2021 budget: Say the magic word ...
The City's annual budget ritual has begun. In July and August, the different departments submit their operating- and capital-budget requests. These are first presented to the appropriate committees, where they receive more or less scrutiny and prioritization, before coming under the axe in the Finance Committee, and maybe undergoing some restoration work by the Common Council.
Among the first committees to look at 'their' departments' proposed budgets were the Pleasant View Golf Advisory Committee, the Park, Recreation and Forestry Commission and the Public Works Committee.
The Pleasant View Golf Course's capital budget for 2021 includes resealing the parking lot. The Golf Course has its own fund, and its operating budget is predicted to be self-financing (including paying for its own capital project and capital reserve) and able to continue paying back its internal debt to the City.

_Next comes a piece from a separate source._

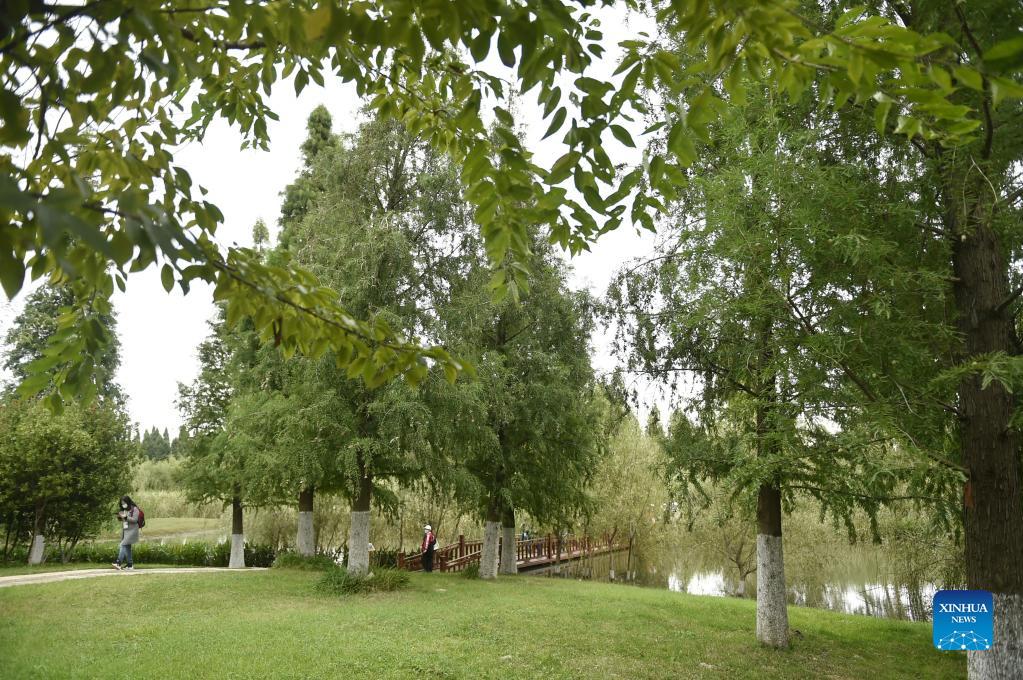 Photo taken on Oct. 15, 2021 shows a view of the Baofeng Peninsula Wetland in Kunming, southwest China's Yunnan Province. The wetland, about 108 hectares in size, is an outdoor exhibition project for the 15th meeting of the Conference of the Parties to the Convention on Biological Diversity, or the COP15. (Xinhua/Lu Peng)

The Park, Recreation and Forestry Department's (very preliminary) capital budget, as discussed by PRFC on July 20, consists mostly of a wish list so far, which includes replacing the heater at the Aquatic Center, adding ADA features to Firefighter's and Penni Klein parks, fixing the tennis courts at Lakeview Park, renewing the playground at Meadows Park, rebuilding the shelters at Firemen's and Parisi parks, improving the basketball courts at Firemen's, Woodside Heights and Middleton Hills South parks, acquiring a spider lift for the forestry department (second try), and converting the Splash Pad at Lakeview Park to a chlorinated water system. This would save about 21 million gallons of water a year, and the taxpayer $30,000, because the new system would be a closed circuit.
Many of these projects could be funded through park development fees, and thus not impact the City's capital borrowing.
That, however, is not the case for the Public Works Department's budget, which comes out almost entirely of the general fund and the capital fund, except for some projects funded by TIF.
The City's stated policy is to spend about $2 million on road reconstruction and improvements every year, and the department's plan for next year stays reasonably within that frame. The two biggest items on the road schedule, besides $250,000 for general city-wide crack filling and surface treatments, are the reconstruction of Hubbard Avenue and Mayflower Drive (about $1.5 million) and the resurfacing of Marigold Circle ($195,000).
As Public Works Director Shawn Stauske explained at Monday's Public Works Committee meeting, guidance from the Finance Department is to keep non-road capital spending to $100,000 for 2021. As the department's original wish list came to just under $670,000 (see table), the committee had some trimming and prioritizing to do. Items that so far have made the cut, so to speak, are traffic-signal changes at the intersection of Century Avenue and Donna Drive, a storm sewer video camera that will allow the department to check pipes for damage and fix them before they break, and a new pick-up truck.
District 6 alderwoman Susan West got excited about supporting this last item when it was explained that an extra truck would allow crew members to spread out over more vehicles, thus helping prevent the spread of covid-19. 'Covid' is one of several magic words that trigger an almost Pavlovian response in Susan West (others are 'storm water', 'safety' and 'liability'): include any of them in a proposal, and her support is as good as guaranteed.